Сьюзен рассмеялась, хотя в груди у нее все сжималось от боли.

— Ты ведь хочешь это узнать, да?

— Хочу.

— Как ты думаешь, почему Джамал держал меня у себя полтора года и не избавился от меня, выдав замуж за человека нашего круга? — Сьюзен отметила, как Бен стиснул зубы, а глаза его сузились и потемнели от гнева. Подстегиваемая его холодностью и жутким ощущением одиночества, девушка поспешно продолжила: — Ты считаешь, что совершил удачную сделку и выиграл, да? Так вот, могу тебе сообщить, что это не совсем так. Тебя тоже купили, Бен, причем очень легко, потому что ты сам шел в сети. Ни один уважающий себя иранец нашего круга не женился бы на мне. Он скорее дал бы выколоть себе глаз, чем хотя бы посмотрел на меня. Но ты, ты рвался к деньгам и жаждал мести. Потому и пошел на сделку с Джамалом. А теперь тебе вдруг стало интересно, почему он так долго держал меня при себе.

— У меня действительно есть кое-какие вопросы.

— Еще бы! — Сьюзен была в ярости. — Ты, Бижан Асади, так же, как и мой дядя, обожаешь разыгрывать из себя Господа Бога.

Бен не ответил, но его рот плотно сжался, а спина напряглась.

— Я устала от тебя и моего дяди. И оттого, что всю жизнь кто-то решает за меня, что делать и как мне думать. Даже папа, хотя и любил меня безмерно и с виду ничего особо не запрещал, но и он видел во мне лишь будущую жену и мать, живущую только ради мужа, дома и детей. Мое решение жить самостоятельно повергло его в шок, и, если бы не мама, он бы меня не отпустил учиться. Двадцать четыре года мужчины только и делали, что решали все за меня, но больше я этого терпеть не намерена.

— Ты делаешь из меня какое-то чудовище.

— А ты и есть чудовище. Как и мой дядюшка. Вы и любить не умеете по-настоящему, а главное — не умеете прощать. Ты, если разобраться, ничем не лучше дяди Джамала: вы оба устанавливаете лично для себя особые правила и ведете нечестную игру. Вопрос лишь в том, кто Кого переиграет. Так что твои разговоры о справедливом возмездии — пустые слова. Ты ничем не лучше его.

Бен не ответил. Он стоял так прямо, так напряженно, что Сьюзен даже подумала: сейчас он сорвется и влепит мне пощечину. Однако Бен не двинулся с места. Даже пальцем не пошевелил.

Гнев Сьюзен внезапно остыл. Она уже сама не понимала, почему накинулась на него и чего хотела этим добиться. Единственное, что она знала, — то был не лучший путь к сердцу Бена.

Впрочем, какая разница.
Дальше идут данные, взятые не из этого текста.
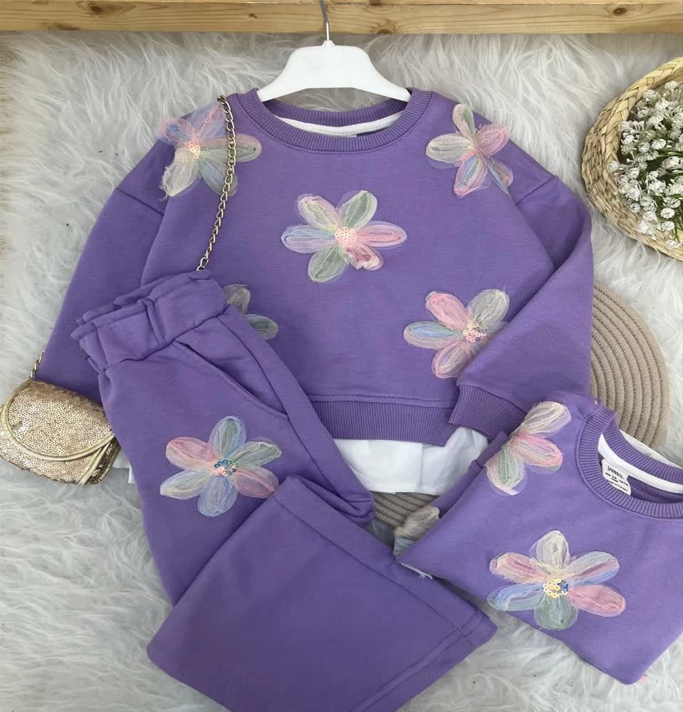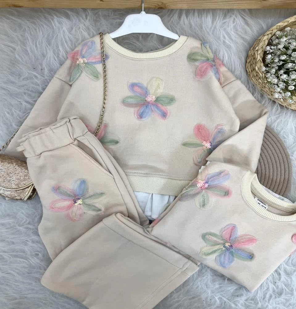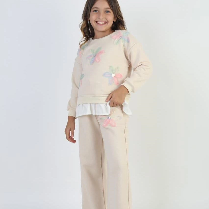 ست دو تیکه دورس شلوار سه نخ گل برجسته 3-12سال ترک کد 18632
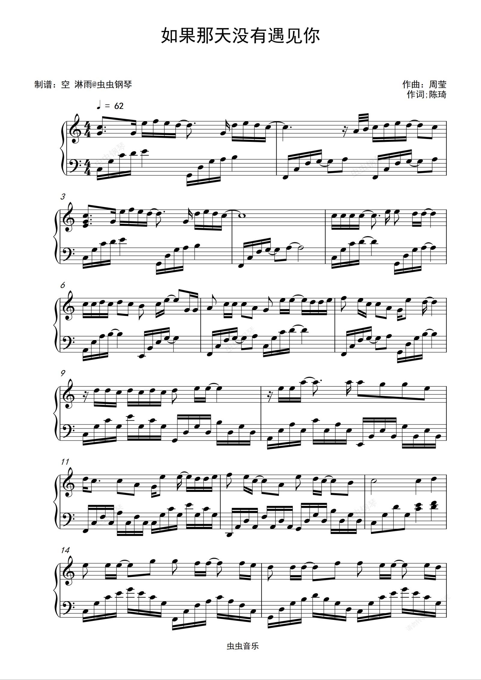 钢琴谱:如果那天没有遇见你 安以轩
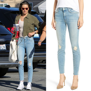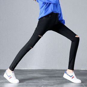 夏季薄款MO浅色水洗破洞小脚裤牛仔裤女毛边弹力修身...
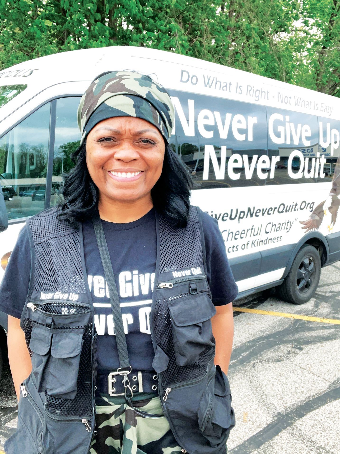 Sharon is also the founder of the 501(c)(3) charity Never Give Up, Never Quit, an organization established on the principle that a little act of kindness can go a long way. She does this by traveling with volunteers in a van filled with gifts that she hands out to people, hoping the sweet gesture will give those who need it the push to keep going. Sharon knows that this is her assignment in life. It may be small, but the impact is huge. She shows up in places like shopping center parking lots and stands outside the van, handing out everything from t-shirts to wristbands to butterfly clips. “I turn on music and ask people if they would like a random act of kindness,” Sharon says.
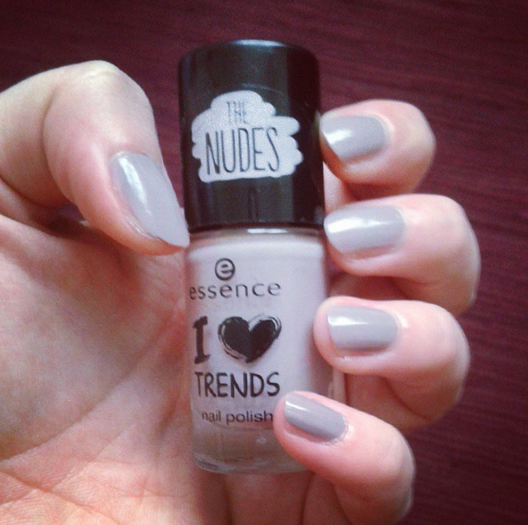 Un autre vernis qui m’a surprise, c’est le Crunchy Cake de la collection The Nudes de Essence. En magasin, il avait l’air d’un nude “marron glacé” basique, mais, à la lumière naturelle, on y distingue des micro-paillettes violettes (invisibles sur les ongles). En fait, une fois posé sur les ongles, c’est plus un vernis gris violacé que nude ! Cela reste de saison.

Его сердце она все равно никогда не завоюет. И уважение тоже. Борясь со слезами, Сьюзен выбежала из столовой.


В спальне, не в силах сидеть спокойно, она принялась распаковывать чемоданы, завершая работу, начатую миссис Томпсон. Она все еще распихивала вещи по ящикам, когда дверь отворилась и вошел Бен.

Сьюзен не стала оборачиваться. Веки жгло, и она изо всех сил заморгала, стараясь сдержать слезы. Она ведь наговорила Бену жутких вещей, обозвала его Бог знает как, хотя он этого и не заслуживал. И злилась она на него из-за того, что хотела от него много больше, чем он просто может дать…

— Я положил нам ужин в тарелки, — спокойно сказал Бен.

— Я не хочу есть.

— Тебе надо как следует питаться. Да и жаль трудов миссис Томпсон. Пошли. — Бен протянул ей руку.

У Сьюзен уже не было сил с ним сражаться, тем более что она действительно проголодалась, устала и буквально валилась с ног — сказывалась разница во времени. И она покорно последовала за Беном.

В столовой ровно горели свечи. Лампы в хрустальной, обрамленной серебром люстре были притушены. Комната мерцала бледно-золотым светом. На тарелках красовались золотистые жареные цыплята и молодой картофель, сочащийся маслом.

Молодые люди ели молча, намеренно избегая разговора. Наконец Бен отставил тарелку.

— Пятнадцать лет назад я сделал выбор, — спокойно произнес он, не глядя на Сьюзен. Его взгляд был устремлен в пустую тарелку. — Это был трудный выбор. Мне пришлось выбирать между спортом и учебой. Я ведь попал в Йель, выиграв спортивную стипендию.

— Бейсбол, — отчего-то сразу догадалась Сьюзен.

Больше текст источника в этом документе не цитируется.